Task to complete — Each entry below should be given again exactly; the pictures stay out.
+++ Material provided +++
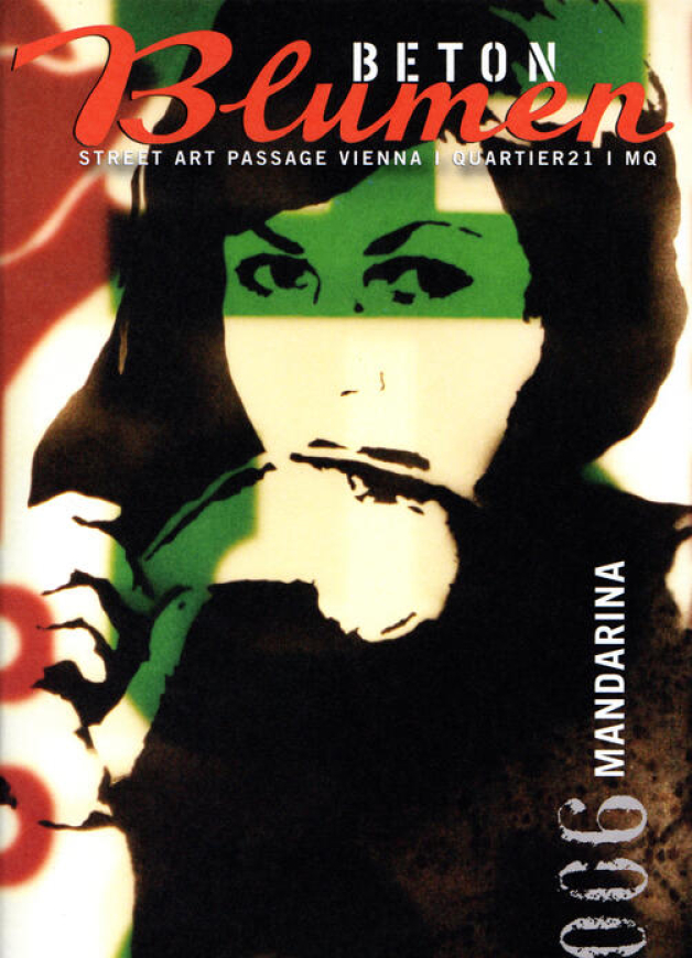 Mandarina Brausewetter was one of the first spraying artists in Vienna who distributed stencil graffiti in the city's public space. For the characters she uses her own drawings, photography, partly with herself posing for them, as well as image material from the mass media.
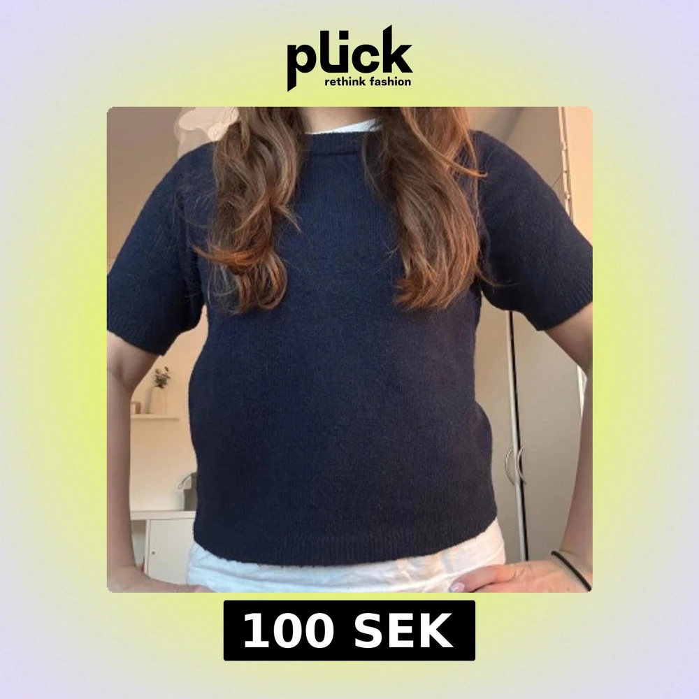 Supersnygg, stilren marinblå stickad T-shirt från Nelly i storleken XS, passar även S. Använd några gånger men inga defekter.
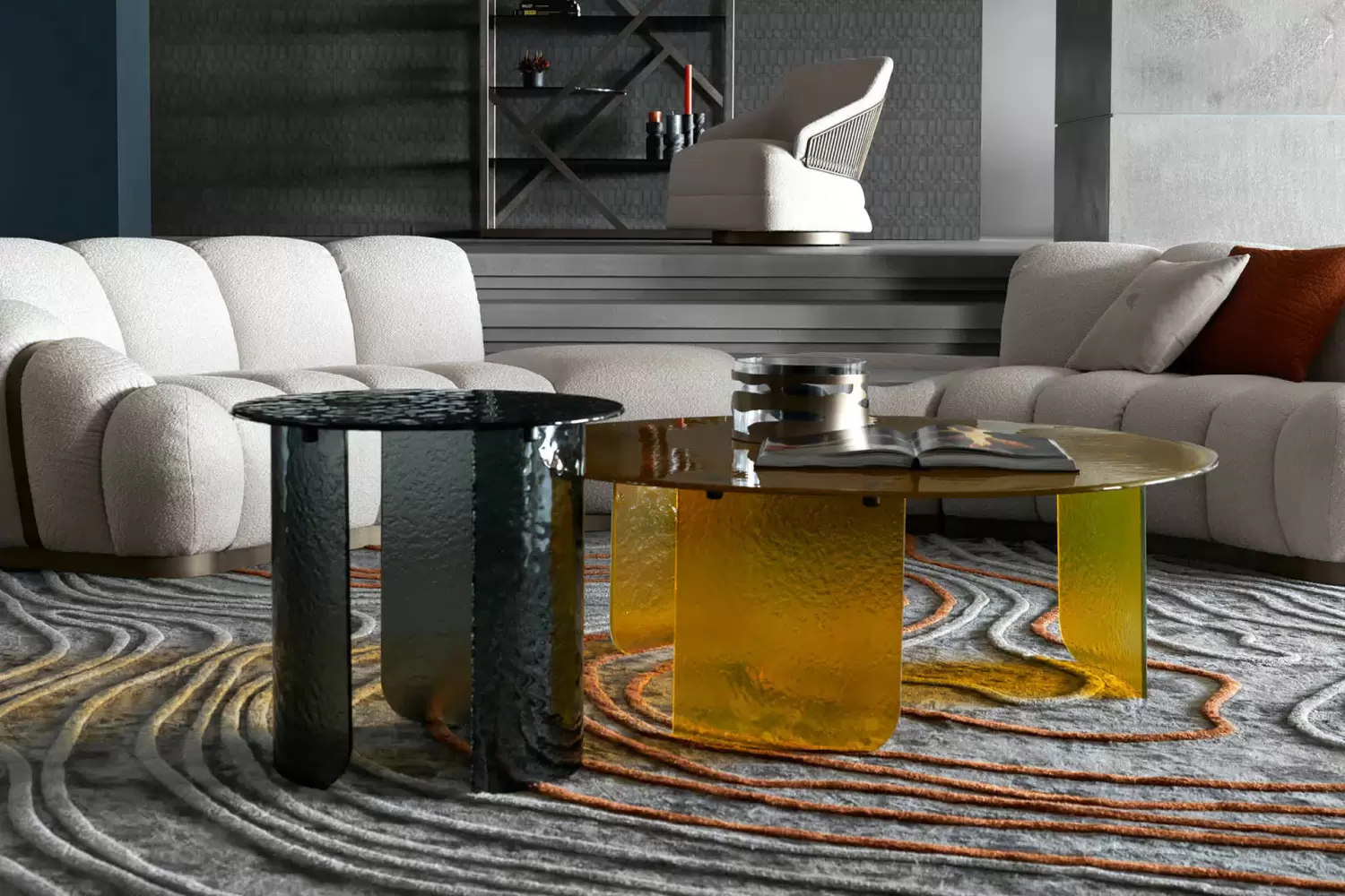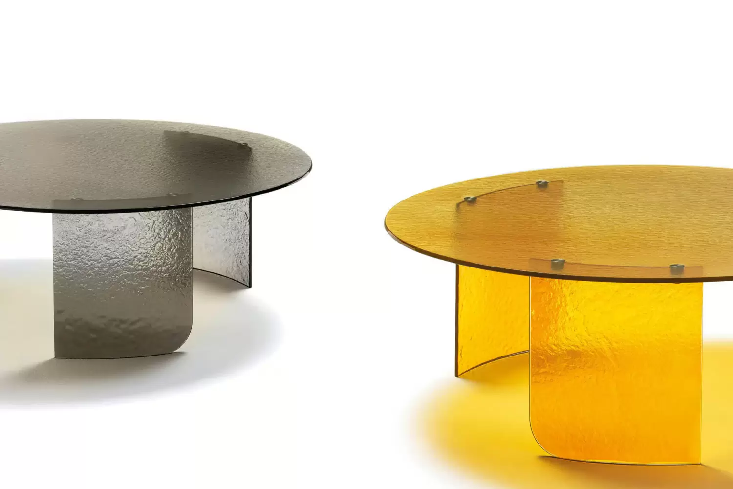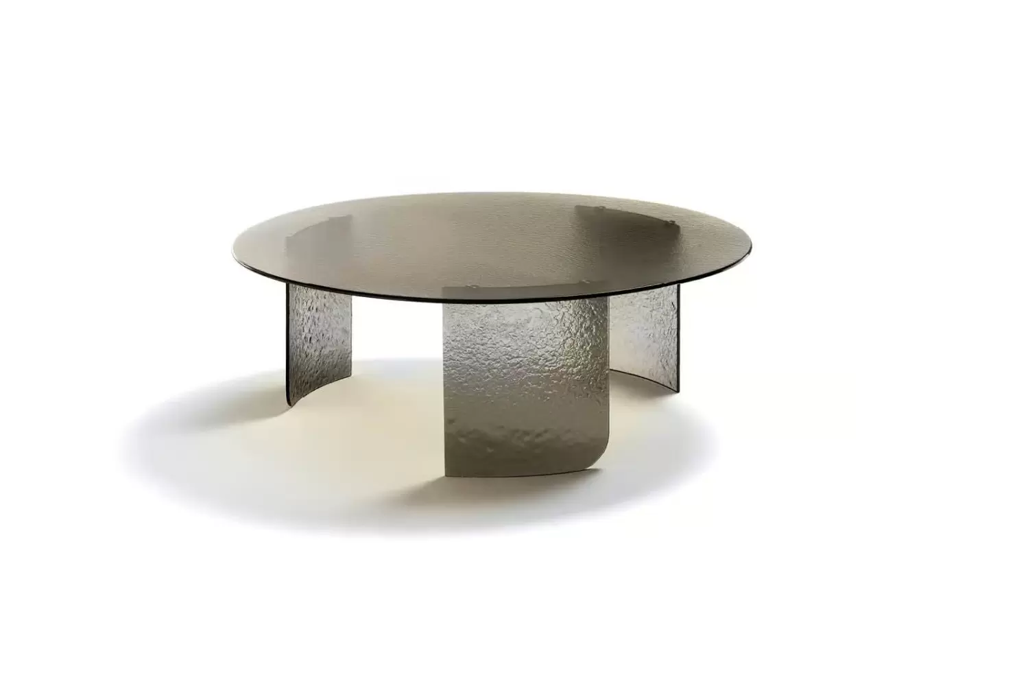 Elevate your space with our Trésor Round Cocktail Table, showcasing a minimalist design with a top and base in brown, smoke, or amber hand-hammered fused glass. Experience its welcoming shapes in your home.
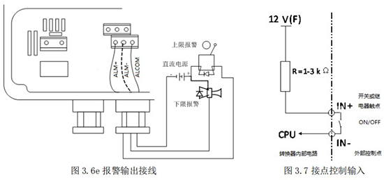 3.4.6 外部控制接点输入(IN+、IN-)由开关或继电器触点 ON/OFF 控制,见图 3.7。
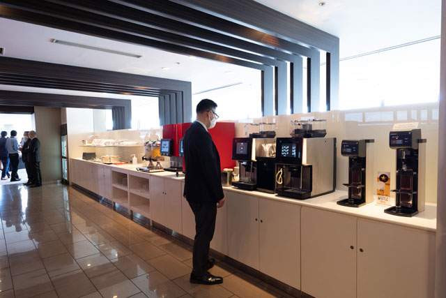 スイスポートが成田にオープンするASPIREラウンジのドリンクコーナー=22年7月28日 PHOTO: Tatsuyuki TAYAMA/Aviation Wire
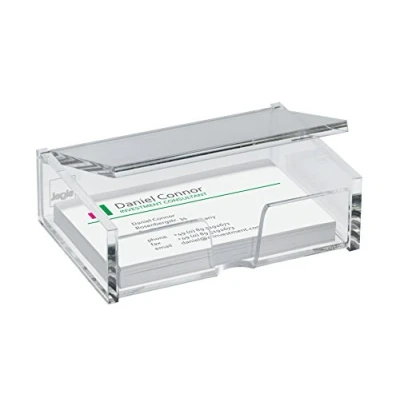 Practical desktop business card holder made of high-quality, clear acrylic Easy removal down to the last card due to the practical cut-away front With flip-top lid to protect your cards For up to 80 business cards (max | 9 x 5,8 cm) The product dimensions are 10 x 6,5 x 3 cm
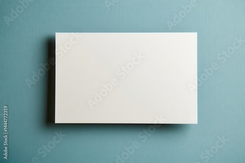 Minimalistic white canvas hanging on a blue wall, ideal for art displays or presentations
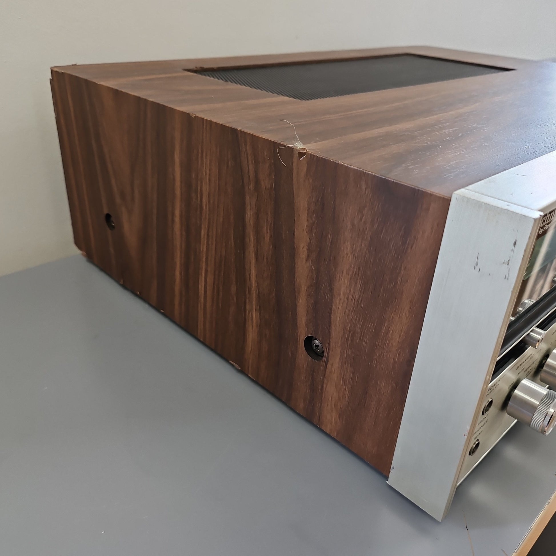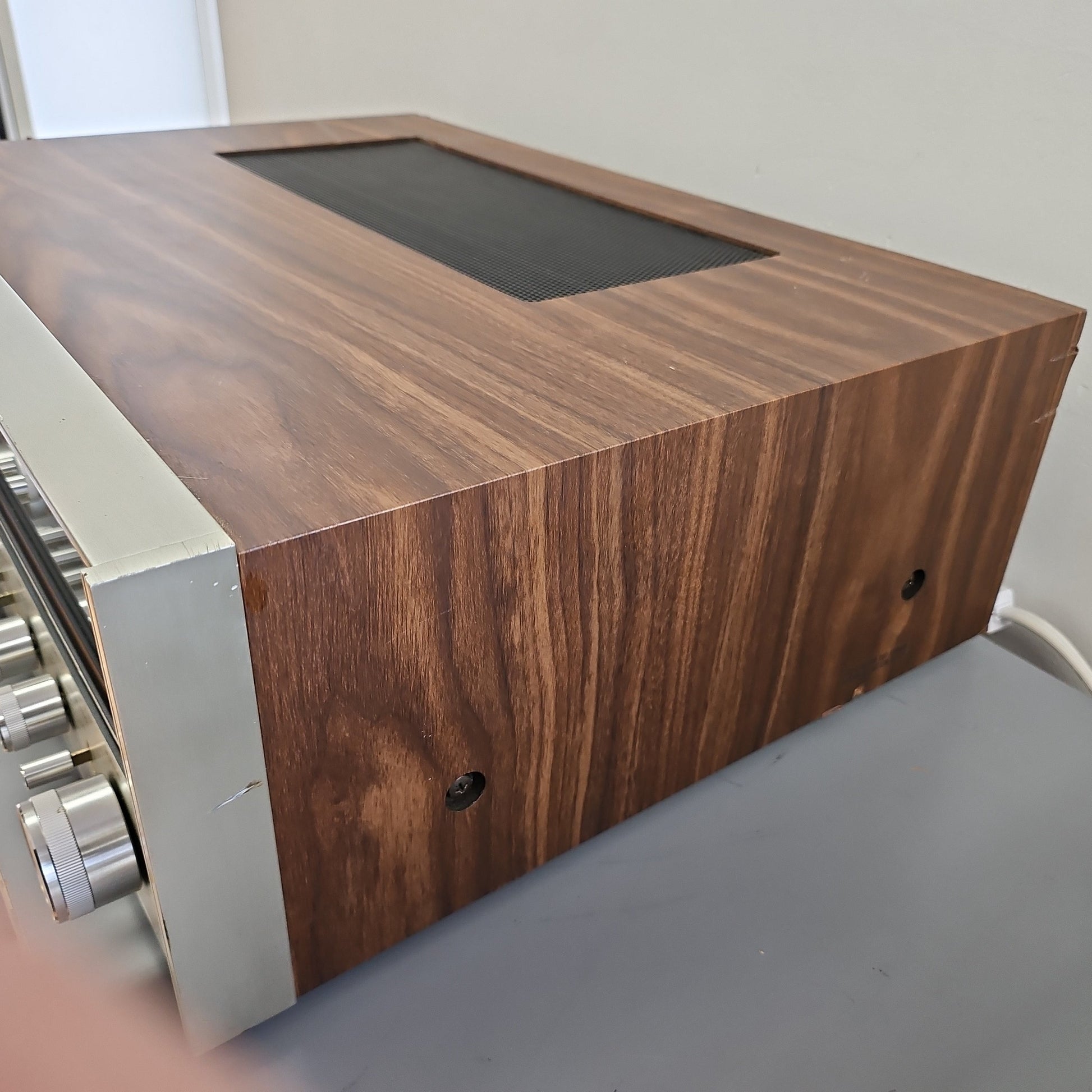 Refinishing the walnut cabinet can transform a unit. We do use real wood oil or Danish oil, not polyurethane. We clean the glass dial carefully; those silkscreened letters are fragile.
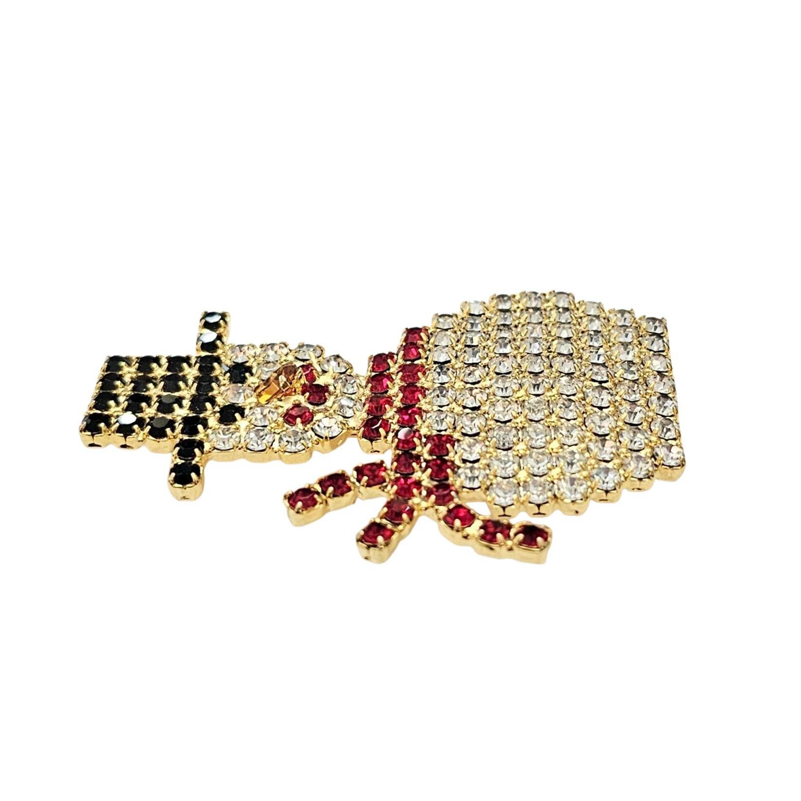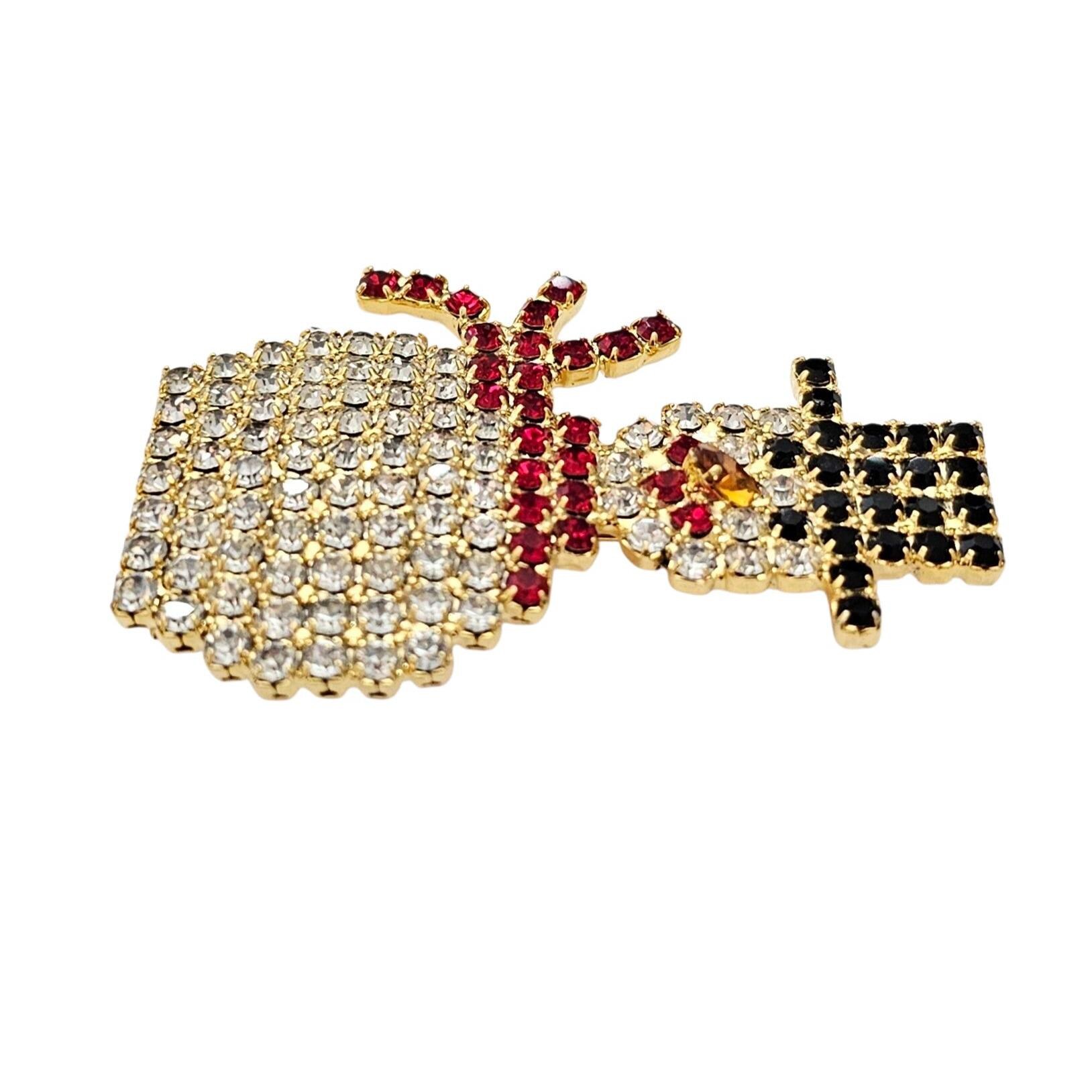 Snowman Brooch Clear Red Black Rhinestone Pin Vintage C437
+++
Finished task —
 Mandarina Brausewetter was one of the first spraying artists in Vienna who distributed stencil graffiti in the city's public space. For the characters she uses her own drawings, photography, partly with herself posing for them, as well as image material from the mass media.
 Supersnygg, stilren marinblå stickad T-shirt från Nelly i storleken XS, passar även S. Använd några gånger men inga defekter.
 Elevate your space with our Trésor Round Cocktail Table, showcasing a minimalist design with a top and base in brown, smoke, or amber hand-hammered fused glass. Experience its welcoming shapes in your home.
 3.4.6 外部控制接点输入(IN+、IN-)由开关或继电器触点 ON/OFF 控制,见图 3.7。
 スイスポートが成田にオープンするASPIREラウンジのドリンクコーナー=22年7月28日 PHOTO: Tatsuyuki TAYAMA/Aviation Wire
 Practical desktop business card holder made of high-quality, clear acrylic Easy removal down to the last card due to the practical cut-away front With flip-top lid to protect your cards For up to 80 business cards (max | 9 x 5,8 cm) The product dimensions are 10 x 6,5 x 3 cm
 Minimalistic white canvas hanging on a blue wall, ideal for art displays or presentations
 Refinishing the walnut cabinet can transform a unit. We do use real wood oil or Danish oil, not polyurethane. We clean the glass dial carefully; those silkscreened letters are fragile.
 Snowman Brooch Clear Red Black Rhinestone Pin Vintage C437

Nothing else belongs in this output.